Goldman, Morgan Stanley at Odds Over Loonie's Outlook Before BOC

(Bloomberg) -- Two of Wall Street’s biggest banks predict dramatically different paths for Canada’s currency over the coming months.

Strategists at Goldman Sachs Group Inc. are telling clients the loonie will strengthen to C$1.18 against the dollar over the next year as Canadian inflation firms and the greenback’s rally fades. Just two weeks ago in its mid-year outlook, Morgan Stanley took the other side of the trade, saying that a reliance on foreign funding to finance the nation’s current account deficit and a dovish central bank should see the pair return to C$1.34 in a year.

Goldman, Morgan Stanley at Odds Over Loonie's Outlook Before BOC

The standoff comes as Bank of Canada policy makers meet seeking to balance concerns over household indebtedness and the future of the North American Free Trade Agreement with signs of a strengthening economy. Markets don’t expect officials to raise rates at Wednesday’s announcement.
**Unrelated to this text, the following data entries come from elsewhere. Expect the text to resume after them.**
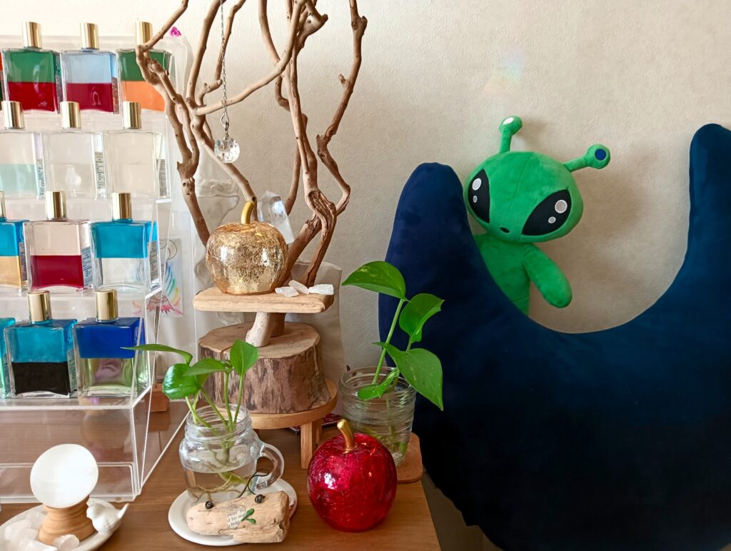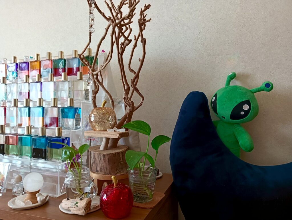 など、癒しと調え(整えでもある)の場にこの手のぬいぐるみって普通は置いていないよなぁ…と弱気になりつつも、普段から「普通って何?」派な私としては、「置きたい」と思ったので素直にその心に従ってみたところ、皆さまの心にも響いて今や人気者になっています
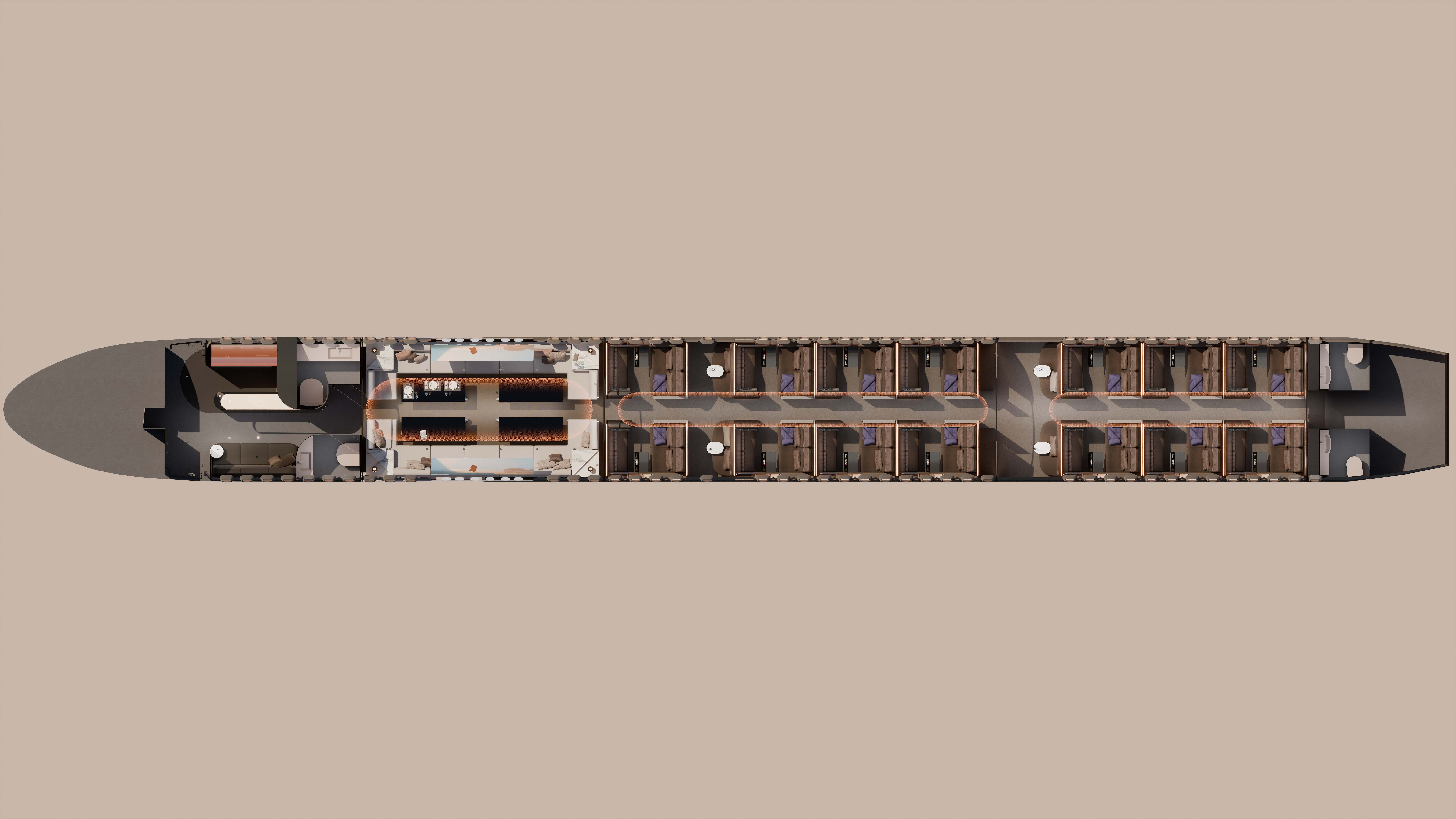 Den Abschluss bilden die «Bow Suites», private Rückzugsräume, die Platz für ein bis zwei Reisende bieten. Sie eignen sich ideal für private Meetings oder gemeinsames Essen und verfügen über persönlichen Stauraum, etwa für Musikinstrumente, professionelles Equipment oder persönliche Gegenstände. Optionale Trennelemente ermöglichen es, die Kabinenatmosphäre vom Rückzugsmodus hin zu einer offenen Struktur zu verändern. Die Kabine bietet Platz für 28 Reisende.
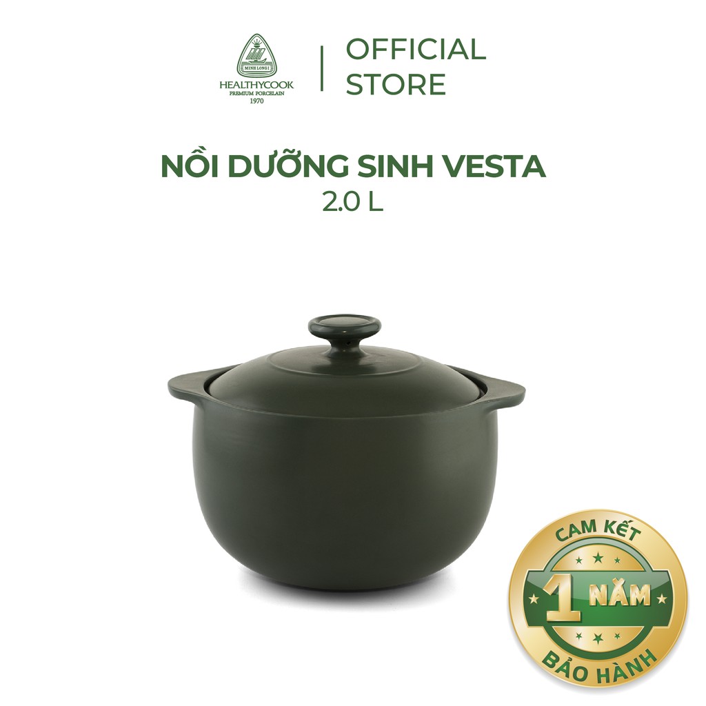 Nồi dưỡng sinh Vesta 2.0 L Minh Long + nắp (CK)- Healthy Cook- Xanh Rêu

But traders are looking for indications that Governor Stephen Poloz is ready to resume tightening in the coming months, and are trying to gauge whether he’s inclined to match the Federal Reserve’s trajectory on rates.

“Fading growth headwinds, limited spare capacity and on-target inflation, a sharp improvement in Canada’s terms of trade, and the currency is undervalued and investors are generally positioned short” -- all suggest the Canadian dollar will outperform, Goldman’s Zach Pandl and Karen Reichgott wrote in a May 25 note.

The loonie traded at C$1.3010 per dollar as of about 9:15 a.m. in Toronto. It was the worst-performing Group-of-10 currency in the first quarter. Yet it’s benefited from surging crude prices in recent months to hold firm against the greenback even as its G-10 peers have slumped.

Dueling Views

Goldman expects that stronger-than-forecast first quarter growth and rising inflationary pressures will spur the BOC to resume hiking, after policy makers tapped the brakes following three rate increases in five meetings through January. The next hike will come at the bank’s July meeting, Goldman predicts. Traders are pricing in about a 55 percent chance of a hike by then, according to overnight index swap pricing.

Morgan Stanley, meanwhile, expects Poloz to keep policy dovish and allow Canada’s economy to “run hot” to boost growth and inflation. The nation’s sensitivity to declining global liquidity and risk sentiment because of dependence on portfolio inflows to fund its current account deficit will also undermine the loonie, strategists led by Hans Redeker wrote in the firm’s global FX mid-year outlook this month.

“The BOC is hoping to boost nominal incomes faster than debt-service costs, enabling households to eat away at their debt burdens without the painful process of consumer retrenchment,” the strategists wrote. “These policies also have a negative impact for the currency, though.”